Before the removal of India from the program, the US President had previously asked his administration to alter the GSP rules for “safeguarding the country’s interests”, and to ensure that no nation was harming it through the incentives. An ORF analysis on the effect of the move points out that five product sectors among those which enjoyed a zero tariff under the GSP fall under the top 20 Indian exports to the country. “This implies that these commodities are important to India’s overall export basket, which puts into doubt the claim made by Indian trade officials that the GSP withdrawal would have an “insignificant” effect,” the report states.

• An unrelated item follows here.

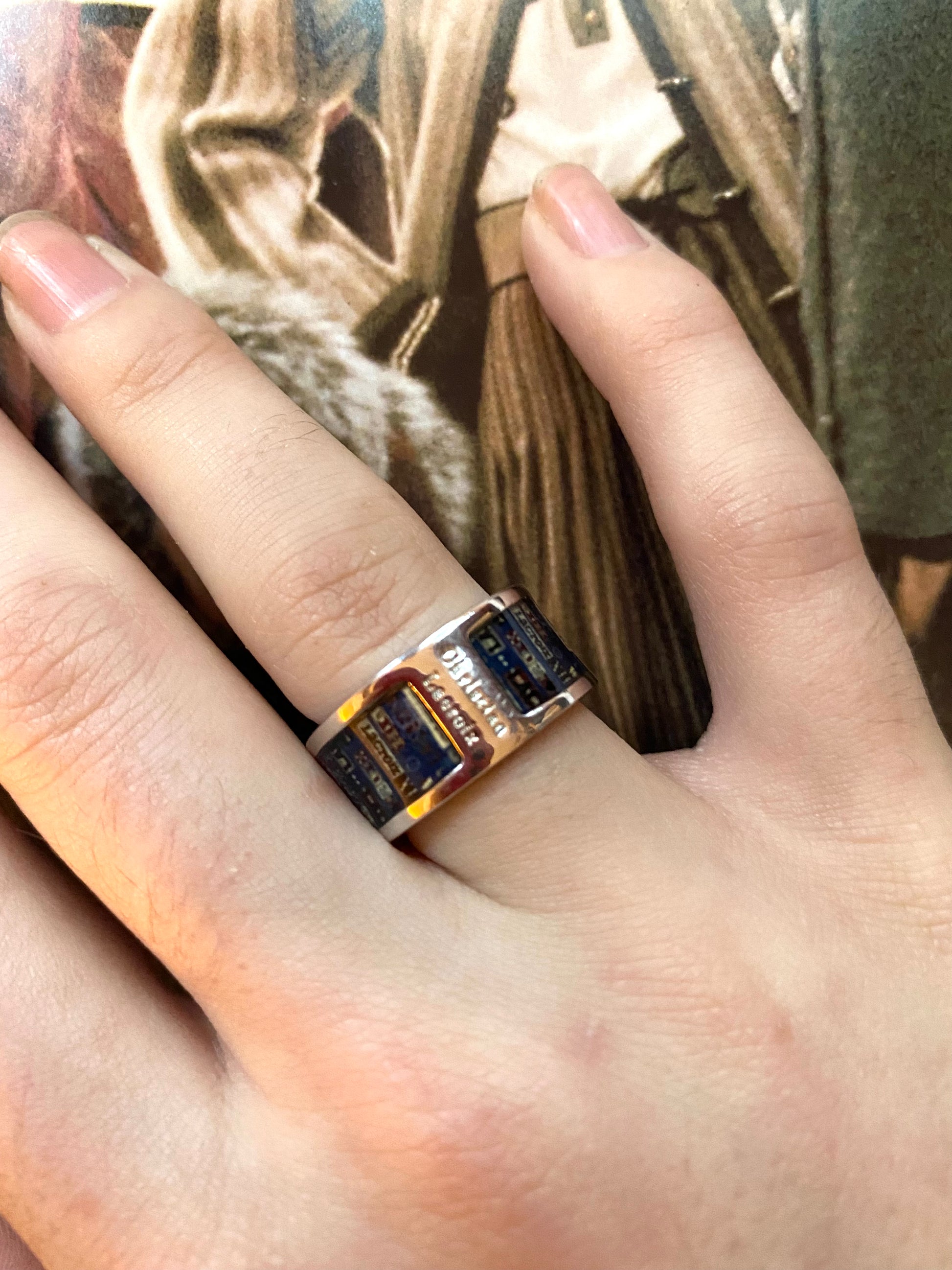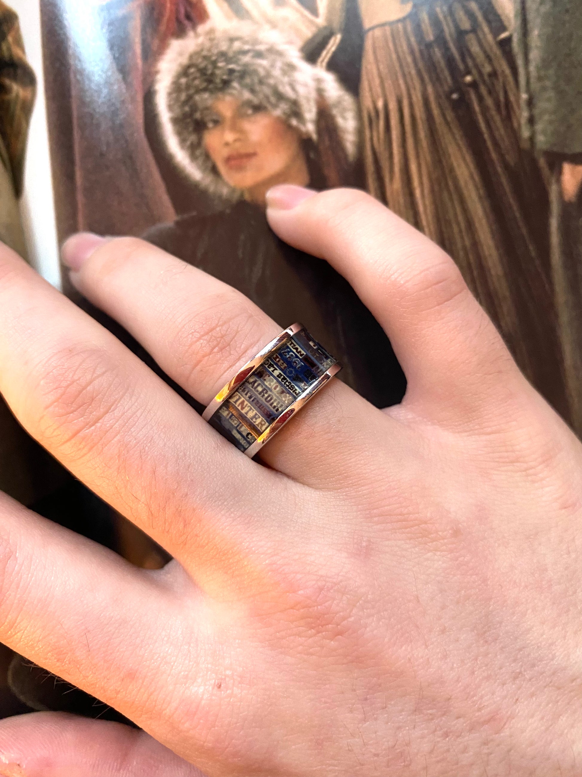 FR/ Bague CxL by Christian Lacroix en argent. Le motif écriture est original et il répète les mots du nom de la marque. Elle est aussi signée sur la phase visible de la bague en plus d’être signée à l’intérieur de l’anneau.

After the US withdrew India’s name from the GSP list, New Delhi responded by imposing higher retaliatory tariffs on 28 US products including almonds, apples, and walnuts. Data by the US Department of Agriculture shows that India paid $543 million for more than half of US almond exports in 2018, and is by far the largest buyer of US almonds. India is also the second-largest buyer of US apples.

Votes Behind Trump’s ‘Proclamation’ of Love for India?

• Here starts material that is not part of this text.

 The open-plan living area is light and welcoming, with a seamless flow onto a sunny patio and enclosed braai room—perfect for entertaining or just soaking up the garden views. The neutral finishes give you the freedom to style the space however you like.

After the broadcast of Trump’s ‘naturalisation ceremony’, former US secretary of state Hillary Clinton said it was “like watching a fox bless a hen-house”.

“Trump has spent his entire political career demonising immigrants. He’s caged migrant babies at the border. He’s used fear of “caravans” as a political prop. Watching him preside over a naturalisation ceremony last night was like watching a fox bless a henhouse,” Clinton said in a tweet.

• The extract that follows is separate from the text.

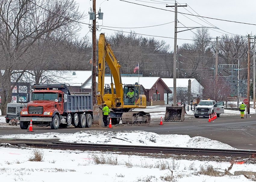 The break was very close to the railroad tracks, explained Public Works director Travis Peterson, so it couldn’t just be dug up and fixed. Instead, they added a gate valve south of the tracks as a temporary fix. The break is thus isolated, but not yet repaired. And water has been restored to the two businesses south of the tracks, Land O’Lakes and the American Legion Club.

The ceremony was criticised by many, who pointed out how the picture Trump attempted to paint was quite different from his policies in the past three-and-a-half-years. Opinion columnist Frank Bruni wrote in a piece in The New York Times that Trump “emceed a naturalisation ceremony — on live television — of five immigrants who belong to the sorts of ethnic groups or come from the kinds of places that he has routinely caricatured and vilified. This didn’t honour them. It reduced them to re-election props.”

Both Joe Biden and Trump seem to be laying importance on the estimated 1.8 million eligible Indian-American voters for the November poll. The Trump campaign recently released a video commercial that featured short clips from PM Modi and Trump’s addresses in Ahmedabad at the ‘Namaste Trump’ event. In the run-up to the presidential elections, Trump has also been making repeated statements on his love for India, Modi, and the support he holds of the diaspora.

The community has even been dubbed an “absolute difference maker” by top democratic leader Thomas Perez, who pointed out that Hillary Clinton has lost Michigan by 10,700 votes in 2016, and that the state has 125,000 Indian-American voters.

However, a 2016 post-Election National Asian American Survey (NAAS) found that only a mere 16% of Indian Americans voted for Trump, while 77% of Indian Americans voted for Hillary Clinton. Past surveys, too, have shown Indian Americans have historically favoured the Democratic party.